# Baker's Rack



## oldwoodenshoe (Nov 28, 2011)

Here is a Baker's Rack project that I just completed. It is made of Red Oak with Red Oak plywood. The metal sides were purchased as wall art from Touch Of Class. The shelves in the lower cabinet are designed to be either a Wine rack or flat shelves. One side of each shelf has rails that act as wine bottle separators and the other side is flat. I recessed the cabinet bottom 1.25" down from the front lip. This allows me to store an unused wine rack shelf upside down on the cabinet bottom and it nests in between the rails of the bottom and ends up flush with the front frame. I also provided built in storage for additional unused shelves under the two drawers, but above the opening of the front frame so these unused shelves are out of sight.

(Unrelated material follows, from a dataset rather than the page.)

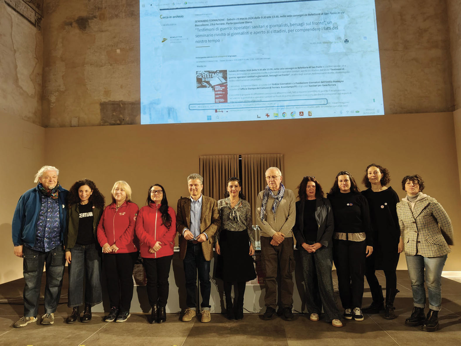 L’orrore della guerra, di ogni guerra, anche oggi, è stato il tema del seminario svoltosi la mattina dello scorso 28 marzo nella Sala ex Refettorio di San Paolo a Ferrara. Il Seminario dal titolo “Testimoni di guerra: operatori sanitari e giornalisti, bersagli sul fronte” è stato organizzato da Ordine Giornalisti e Fondazione Giornalisti Emilia-Romagna insieme a Ufficio Stampa del Comune di Ferrara, Assostampa FE e “Sanitari per Gaza – Ferrara”. Tanti i presenti. Dopo il saluto di Antonella Vicenzi di Assostampa Ferrara, ha introdotto il moderatore della mattinata Alessandro Zangara, giornalista, capo Ufficio Stampa Comune di Ferrara: «oggi – ha detto – nel mondo vi sono 55 fronti globali di varia intensità». Sono 541 i giornalisti uccisi dal 2020 al 2026 su fronti di guerra; e sono numeri in continuo aumento, con 124 giornalisti uccisi nel 2024 e 127 nel 2025. Attualmente sono stimati fra i 500 e i 700 i giornalisti detenuti nel mondo. Sono invece oltre 850mila i civili uccisi nelle guerre dal 2020 al 2026 e 3283 gli operatori sanitari uccisi sui fronti nello stesso periodo, anche in questo caso in aumento (900 nel 2024 e 1100 nel 2025).

On top, I made inverted wine glass holder slots to hold wine glasses upside down.

I used some molding with vines impressed into them for final trim on upper shelves and as a crown on top. I also placed some around the base of the upper open shelving front uprights.

The drawers were all made with dovetail joints.

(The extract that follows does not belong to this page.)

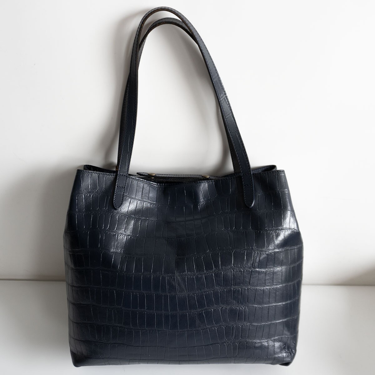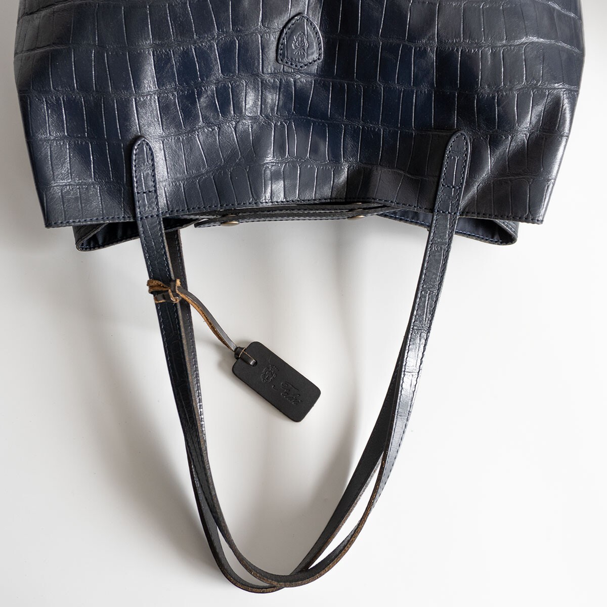 あらゆるシーンで使うことができる、シンプルなデザインのトートバッグ。ハンドルが約24cmと少し長く、男性でも余裕で肩掛けできる長さで、大きさはモデル【15/20】より一回り小さく、A4サイズの書類やファイルがちょうど収まるサイズ感です。間口に付けられたレザーストラップは、2段階に調節可能で、閉じると船型に、開くと長方形型になり2通りの表情をお楽しみいただけます。また未使用時には、内側のループに挿し込むことが可能です。肩掛けしやすいよう長くなったハンドルは、平手になっており、肩へのあたりが優しく、バッグは小脇にしっかり収まります。内側にはファスナーポケットが1つ付いており、小物の整理にも便利で、街でも、旅行でもぴったりな使い心地。シンプルでエイジレスなデザインは、コーディネートを選ばず、あらゆるシーンでお使いいただけます。

I worked on this project on Saturdays for about 4 months.

Bottom line - My wife loves it. That is all the response I need.

Glenn


----------



## Semipro (Mar 22, 2013)

Nicely done I like the design,metal on sides nice touch


----------



## oldwoodenshoe (Nov 28, 2011)

Thanks John.

I am an electronic engineer. Woodworking is my hobby. I designed this on Autocad. It makes it easier for me to not waste much on costly mistakes.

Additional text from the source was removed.